The one goat is to be sacrificed as “a sin offering.” It’s death is to signify how one day Jesus’ would die in our place. That God accepts the death of a substitute on our behalf. That substitute being Christ alone. Our sin is atoned for in that the debt is paid. “The wages of sin is death”, and in Christ, our wages have been fully paid. FULLY Child of God, completely. Christ has died. And so we who trust in His death on our behalf have eternal life.
The conjectures surrounding the 2nd goat and the meaning of Azazel in this passage are myriad.
Some of the Jewish commentators link it with a demon – the goat-demon perhaps mentioned in Lev. 17:17. And so it hints at the idea that the Priest symbolically sends our sins (under god’s authority) to the demons who are utterly rejected by God, and dwelling away from His presence, and the sins which attend them. That they, our sins and the demons belong together.

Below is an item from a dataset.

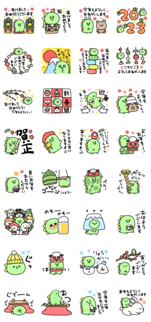 2023年☆卯年。シュールなミニ恐竜のあけおめスタンプです。※2023/1/3(火)23:59までに購入すると特典「LINEおみくじ」がもらえます。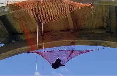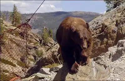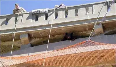 Медведица испугалась автомобиля и попыталась спрыгнуть с моста.

Perhaps similarly Azazel may refer to the devil, his demons, and death and hades because all are consigned to the same lake of fire together.
The picture then is this: Our sins are as removed from us as the devil and his demons are in final judgment. This is another glorious aspect of what Christ’s atonement accomplishes.
Christ pays for our sin in His death, but He also removes our guilt as far away from us as Hell itself, so that we bear it no more – but are declared righteous with the righteousness of Christ.